At the closing of the sale, [J] required $10,000 of the sale price to be retained in a non-interest bearing account at First Federal to insure payment of the inheritance tax liens in all three of the estates. Respondent retained $2,400 for his fees in those [431]*431estates and promptly divided the remaining net proceeds of the sale equally between [G] and [H], advising [¶] that this distribution was being made as a result of a family settlement among the [C] heirs. Apparently respondent did not have any written family settlement agreement to that effect. At the same time, respondent advised [¶] of the $10,000 withheld in escrow. That sum is still held by First Federal in spite of Attorney [J’s] reminder to respondent in June, 1980.

From 1978 to 1983, [H], who was then residing in Hawaii, made inquiries of respondent about the escrowed funds. On several occasions, [K], her niece, asked respondent to contact her aunt [¶] and verified the address in Hawaii. In response, respondent assured [¶] that he was working on the estate and would soon complete them. After October 11, 1978, he did not respond at all to her inquiries, and she finally filed the instant complaint with the Disciplinary Board on September 16, 1983.

Meanwhile, on September 6, 1978, [G] died, unmarried and testate. Her will was probated in [ ] County and letters testamentary were granted to [B], her niece, who was represented in that capacity by Attorney [S], Although respondent was aware of [R’s] appointment as executrix of the estate, he never gave information in writing to her or to Attorney [S] concerning [G’s] interest in the $10,000 in escrow, although he did verbally acknowledge to [R] that there was an escrow fund. Consequently, [R] did not include this asset in her inventory of assets of [G].

Respondent did not do anything further in the settlement of the estates of [A], [F] and [E] until hearing before this hearing committee on April 13, 1984, when he submitted into evidence a proposed [432]*432Pennsylvania Inheritance Tax Return in each estate, showing no tax due in either of the [C] estates and $584.40 tax due in the [A] estate. His testimony indicated that these returns might need correction or revision before they are filed.

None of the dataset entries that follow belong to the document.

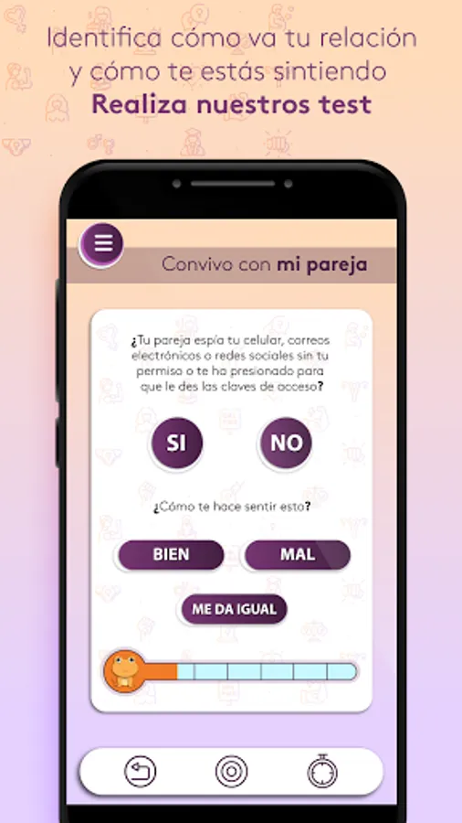 It is important that you know that this app does not replace the legal, psychological or social support that a professional can give you. So the results of the tests you take are not diagnostic and the actions mentioned are suggestions thinking about your well-being, but it is important that you always consult experts in your area.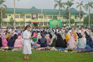 “Moment Sholat Idul Fitri ini, kita jadikan sebagai wahana dan wujud toleransi kerukunan umat beragama diwilayah, karena toleransi umat beragama merupakan kunci penting dalam suatu bangsa demi tetap tegak kokohnya persatuan dan kesatuan bangsa”, terangnya.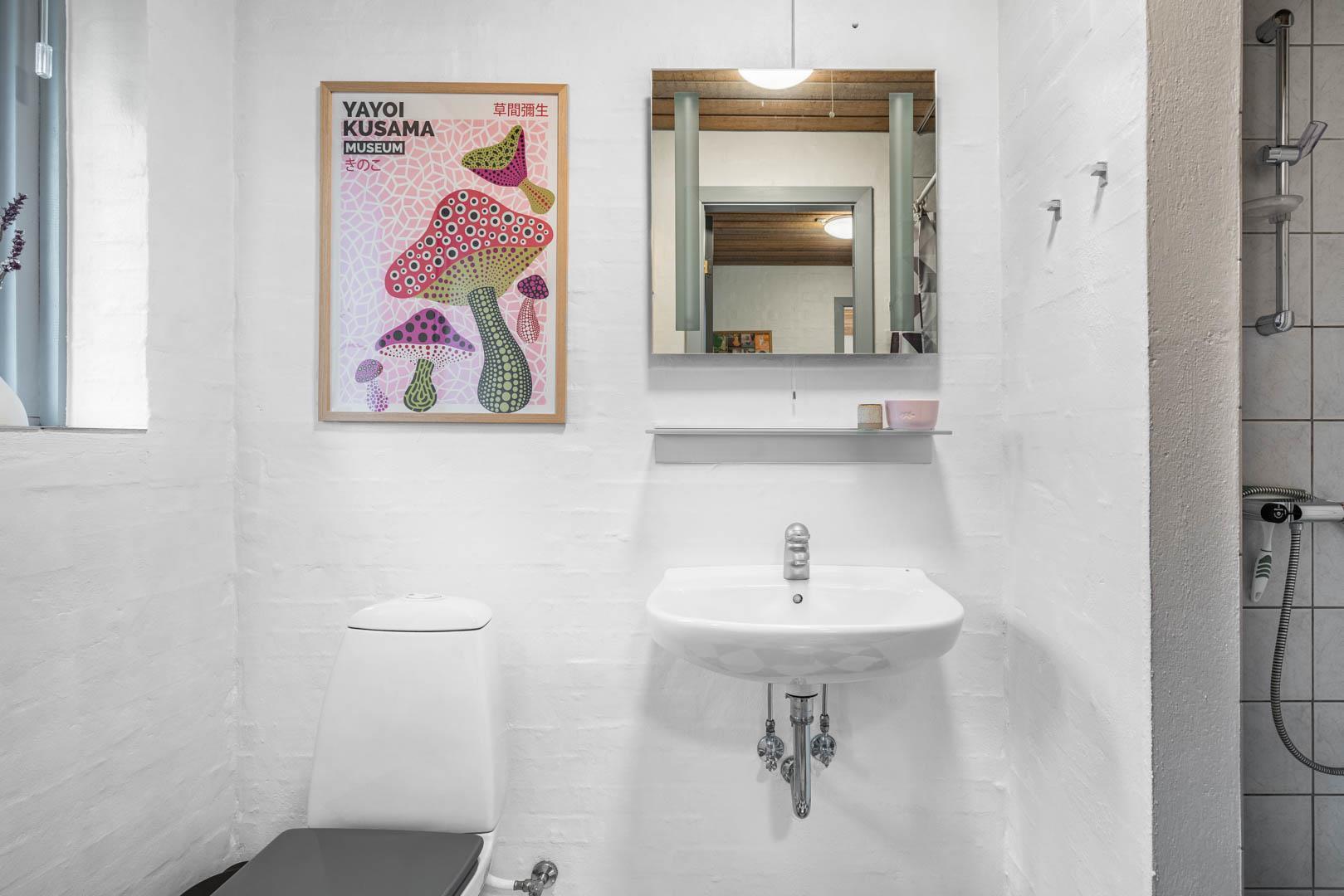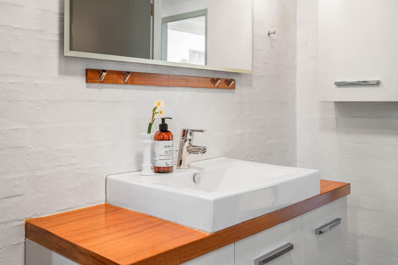 Der er desuden både vaskemaskine og tørretumbler til rådighed, og vandforbruget er inkluderet i lejen – praktisk og bekvemt.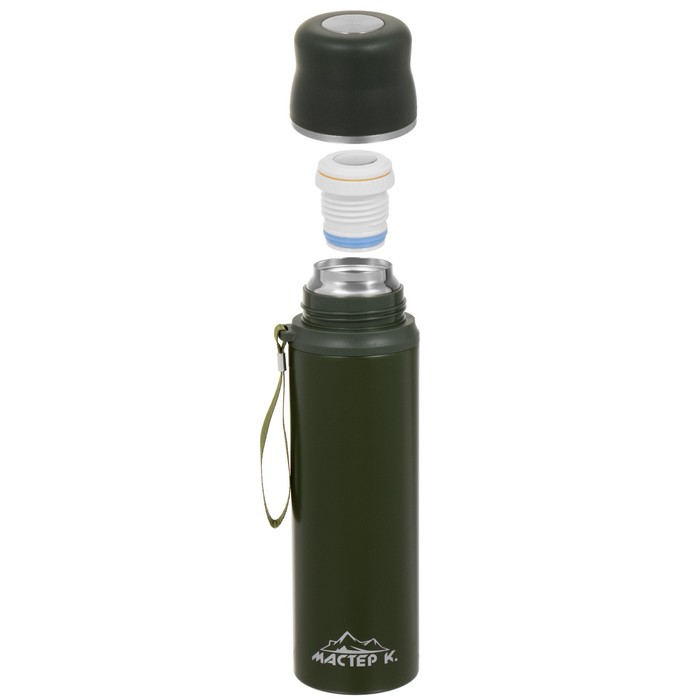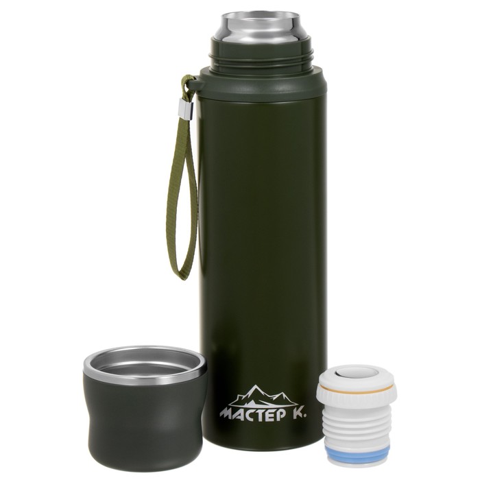 Термос Мастер К Traveller, 1 л, с кружкой, сохраняет тепло до 12 ч, нержавеющая сталь, зелёный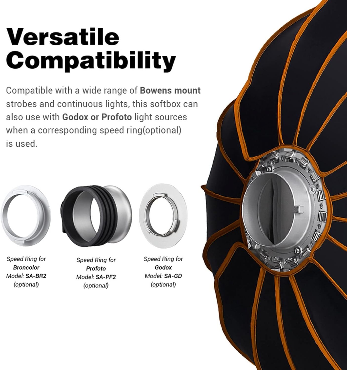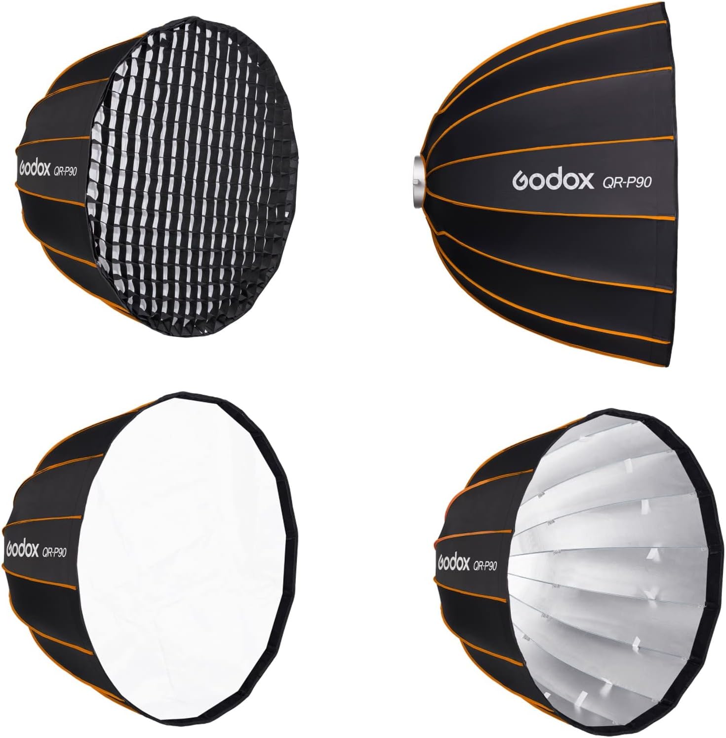 Bowens Mount Softbox: The Godox QR-P90 compatible with a wide range of Bowens mount strobes and continuous lights, this softbox can also use with Godox or Profoto light sources when a corresponding speed ring(Optional) is used
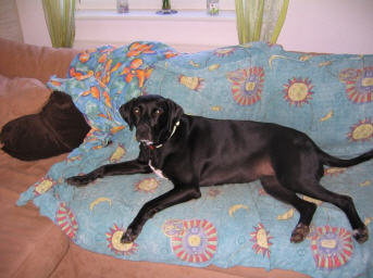 Gestern, am 20.09.2007, ist Bogi bei Frau Müller eingezogen. Sie fährt super Auto, geht gut ohne Leine und hat sich heute schon mit dem Kater angefreundet. Was sie gar nicht mag ist, sich ein Halsband anziehen lassen, so geht sie mit einem Brustgeschirr spazieren, was auch entlastender ist für den Halswirbel. Bogi trauert nicht, sie fühlt sich sichtlich wohl und tobt durchs Haus und den riesen Garten. Wir freuen uns für Bogi und Frau Müller :o) |
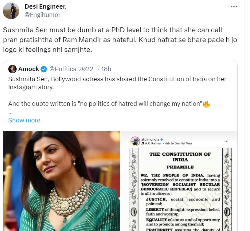 एक ने कहा, "500 सालों के संघर्ष के बाद राम मंदिर का निर्माण हुआ है। सुष्मिता सेन के लिए "नफरत की राजनीति" है। उदारवाद उनके दिमाग पर इतना हावी हो गया है कि वे धर्म के हिंदू प्रतीकों पर मुगलों के बर्बरता के इतिहास को भूल जाती हैं।"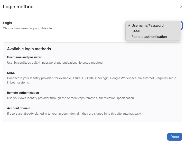 Authentication (SSO, SCIM, SAML, Usernames, Passwords)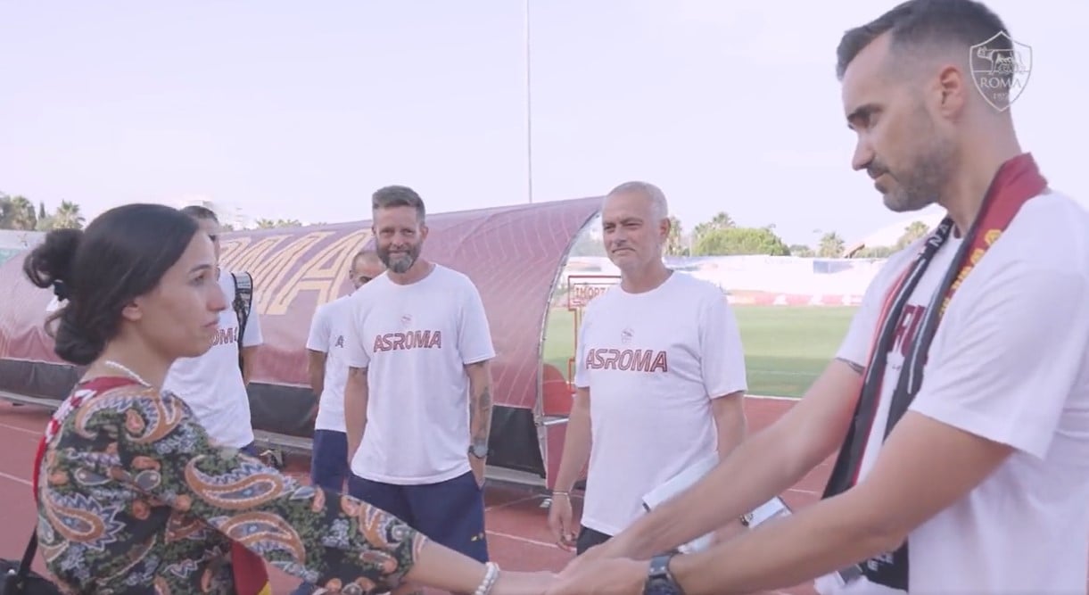 Justo antes del comienzo del entrenamiento de la Roma, con el equipo en vestuarios y solo el cuerpo técnico en el terreno de juego, se produjo el momento que sorprendió sobremanera a José Mourinho. Una pedida de matrimonio entre dos hinchas del conjunto romano que desató los aplausos entre los presentes.
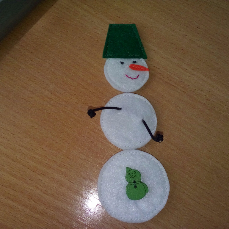 11. Прострочила тесемки с флажками. К основе странички пришила мягкую часть липучки, собрала снеговика. На каждом шарике появилась пуговка того же цвета.

On the basis of the foregoing, the hearing committee found that respondent violated the following Disciplinary Rules. The board agrees with the following findings of violations of the Disciplinary Board Rules.

Disciplinary Rule 1-102(A)(4) which prohibits conduct involving dishonesty, fraud, deceit or misrepresentation. The factual summary of this case establishes beyond any doubt that respondent violated Disciplinary Board Rule 1-102(A)(4). The intentional, overt misrepresentations made by respondent in this case call for such a finding. He made repeated, material misrepresentations to his client and parties dealing with the estates.